Task item = An exact reproduction of the entries is needed. Keep all pictures out of it.

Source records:
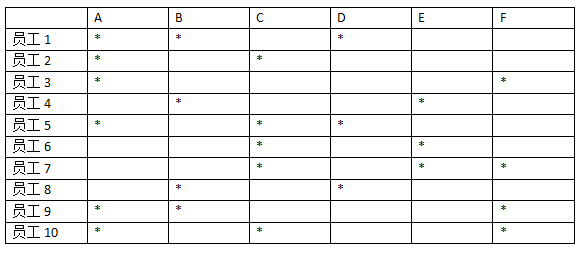 68题: 有10名员工要参加6门技术考试,下表 * 代表每个员工应该参加考试的课程。
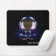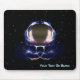 Uma imagem fractal azul e roxa que se assemelha ao capacete e ombros de um astronauta em um fundo estrelado. Adicione seu próprio texto.
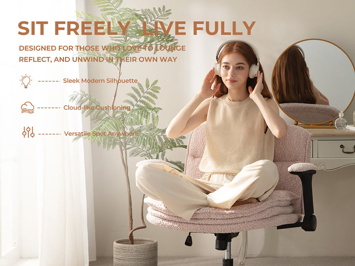 Uppfällbara armstöd maximerar flexibiliteten – sitt lätt med benen i kors, i sidled, upprullade eller upprätt. Denna stol är byggd för komfort, rörelse och stil, perfekt lämpad för hemmakontor, sovrum och kreativa utrymmen.
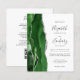 A borda esquerda deste elegante convite de casamento moderno apresenta um caçador de aquarela verde agata borda com falso brilho prateado. O texto personalizável combina manuscrito, copperplate e fontes itálicas em cinzas de carvão em um fundo branco. O verso fornece espaço para detalhes do casamento em um fundo branco sólido, junto com um código QR que os convidados podem digitalizar para visitar seu site e RSVP, o que economiza o custo de imprimir e enviar cartões RSVP separados.
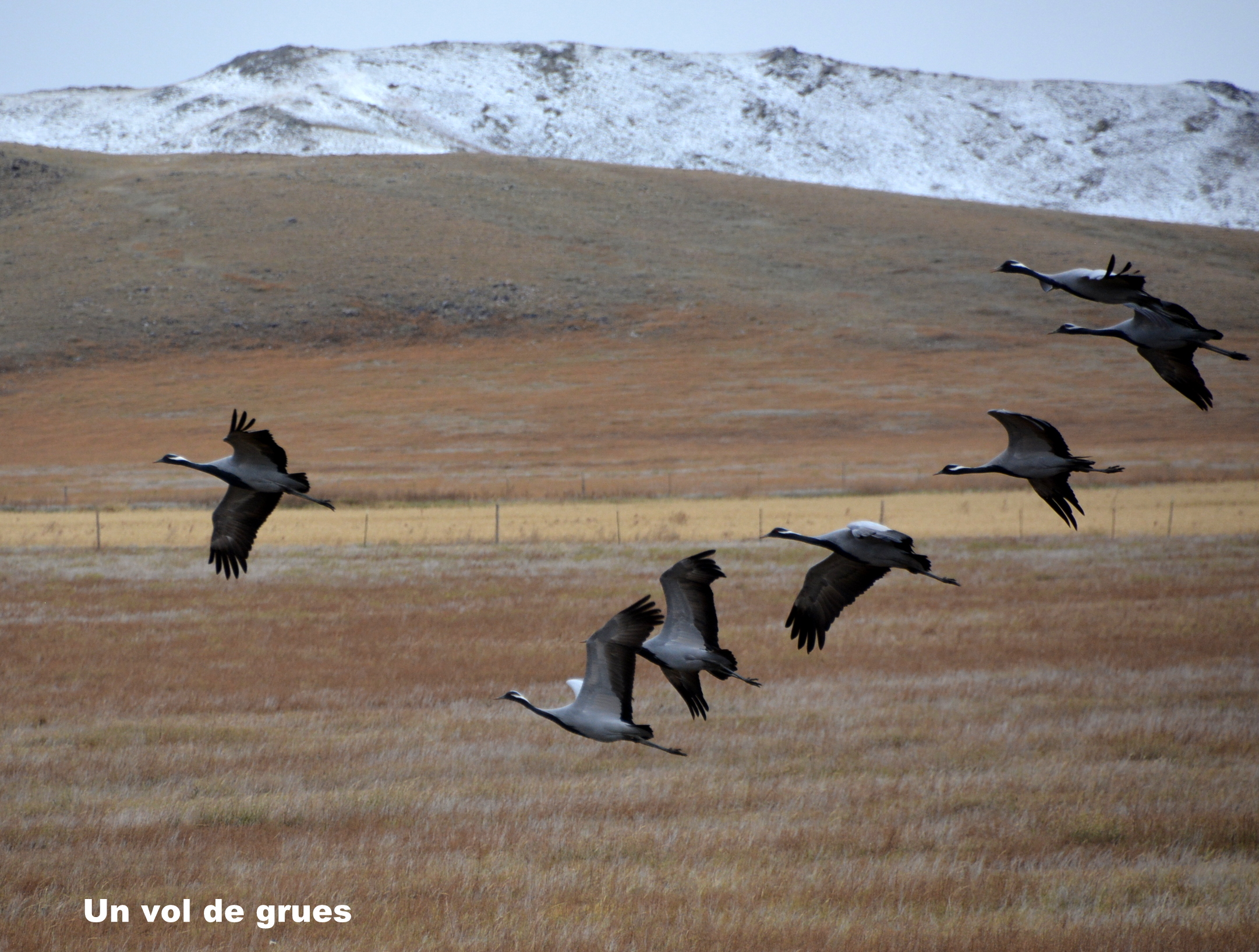 n’avions pas apporté nos vêtements d’hiver, mais de bons vêtements d’automne enfilés par-dessus des sous-vêtements de ski : on a survécu. Nous avons eu la chance d’observer pendant un bon moment un vol de superbes grues demoiselles. Après un
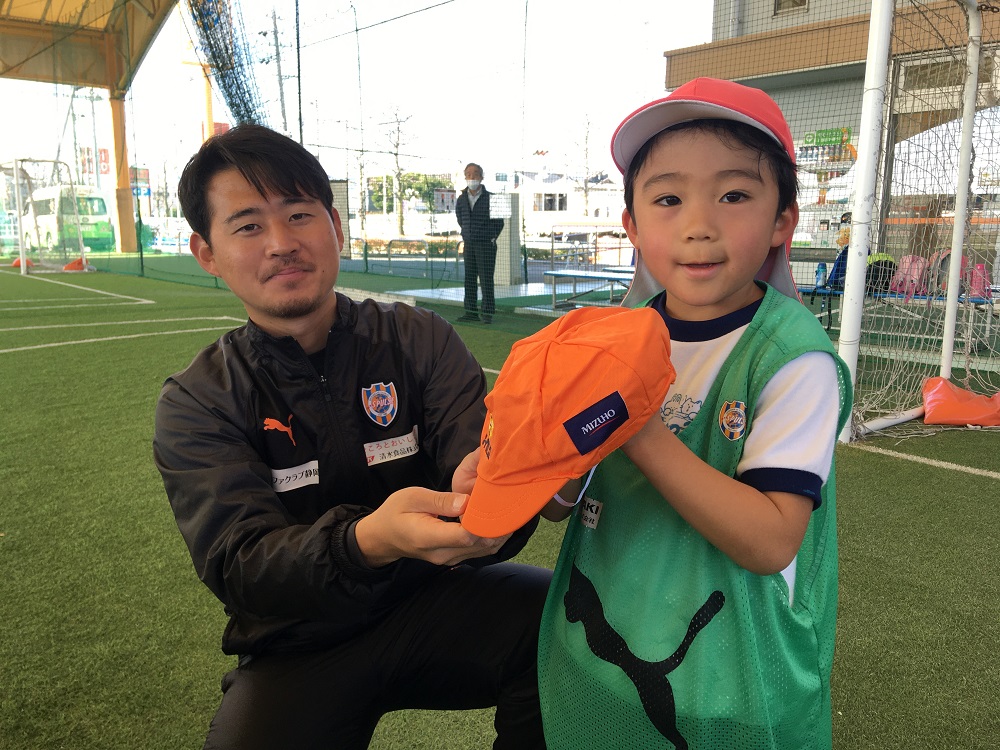 みずほ銀行様にご協賛いただき、オリジナルエスパルスキャップを園児にプレゼントいたしました ©︎︎S-PULSE
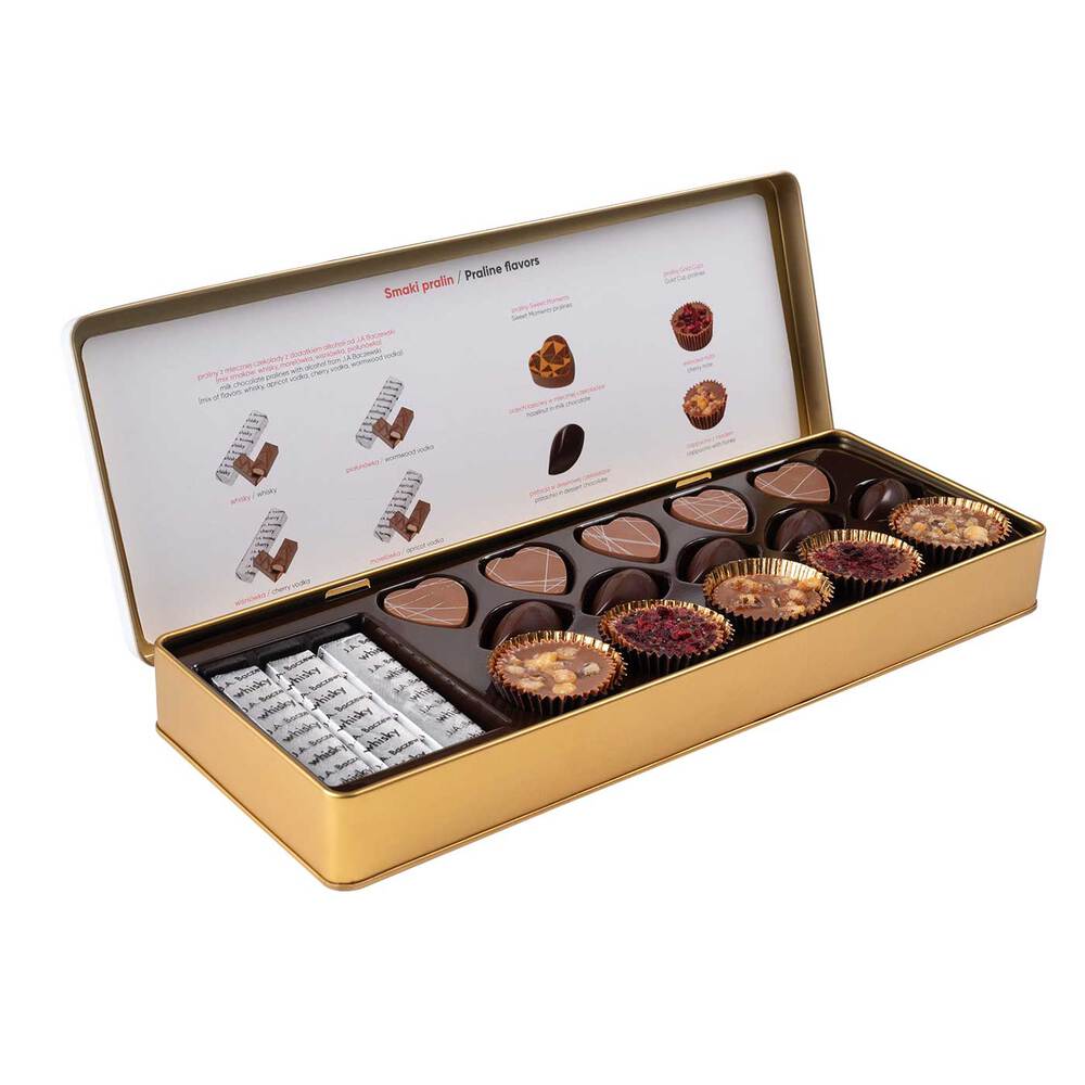 - Czekolada mleczna z nadzieniem whisky, morelówki, wiśniówki i piołunówki
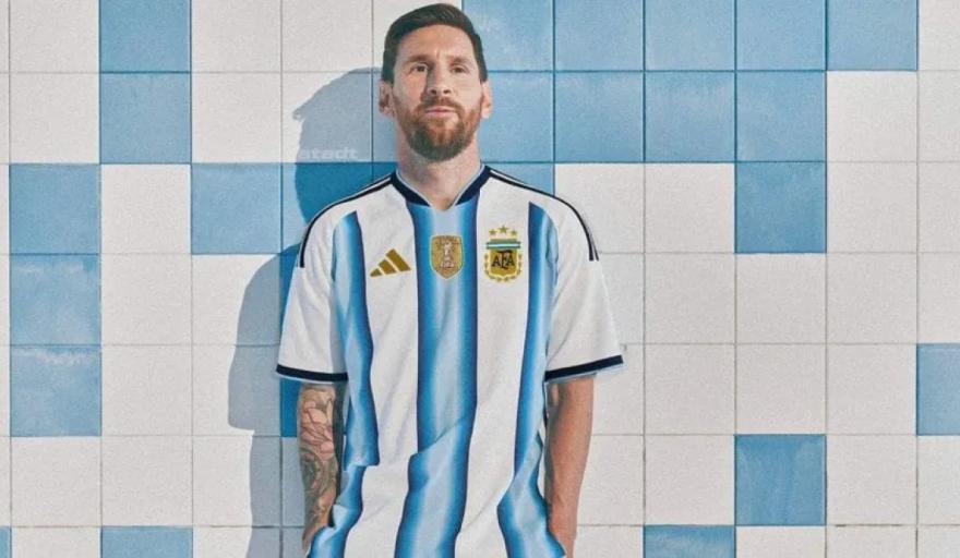 El conjunto se completa con pantalones y medias en tonos azul marino, celeste y dorado, generando una imagen que combina historia, identidad y el recuerdo de la gloria reciente obtenida en Qatar.
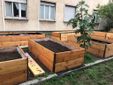 Otto cassoni di legno all’interno del giardino di Eva. Si potranno coltivare piante, frutta e verdura

Solved problem =
 68题: 有10名员工要参加6门技术考试,下表 * 代表每个员工应该参加考试的课程。
 Uma imagem fractal azul e roxa que se assemelha ao capacete e ombros de um astronauta em um fundo estrelado. Adicione seu próprio texto.
 Uppfällbara armstöd maximerar flexibiliteten – sitt lätt med benen i kors, i sidled, upprullade eller upprätt. Denna stol är byggd för komfort, rörelse och stil, perfekt lämpad för hemmakontor, sovrum och kreativa utrymmen.
 A borda esquerda deste elegante convite de casamento moderno apresenta um caçador de aquarela verde agata borda com falso brilho prateado. O texto personalizável combina manuscrito, copperplate e fontes itálicas em cinzas de carvão em um fundo branco. O verso fornece espaço para detalhes do casamento em um fundo branco sólido, junto com um código QR que os convidados podem digitalizar para visitar seu site e RSVP, o que economiza o custo de imprimir e enviar cartões RSVP separados.
 n’avions pas apporté nos vêtements d’hiver, mais de bons vêtements d’automne enfilés par-dessus des sous-vêtements de ski : on a survécu. Nous avons eu la chance d’observer pendant un bon moment un vol de superbes grues demoiselles. Après un
 みずほ銀行様にご協賛いただき、オリジナルエスパルスキャップを園児にプレゼントいたしました ©︎︎S-PULSE
 - Czekolada mleczna z nadzieniem whisky, morelówki, wiśniówki i piołunówki
 El conjunto se completa con pantalones y medias en tonos azul marino, celeste y dorado, generando una imagen que combina historia, identidad y el recuerdo de la gloria reciente obtenida en Qatar.
 Otto cassoni di legno all’interno del giardino di Eva. Si potranno coltivare piante, frutta e verdura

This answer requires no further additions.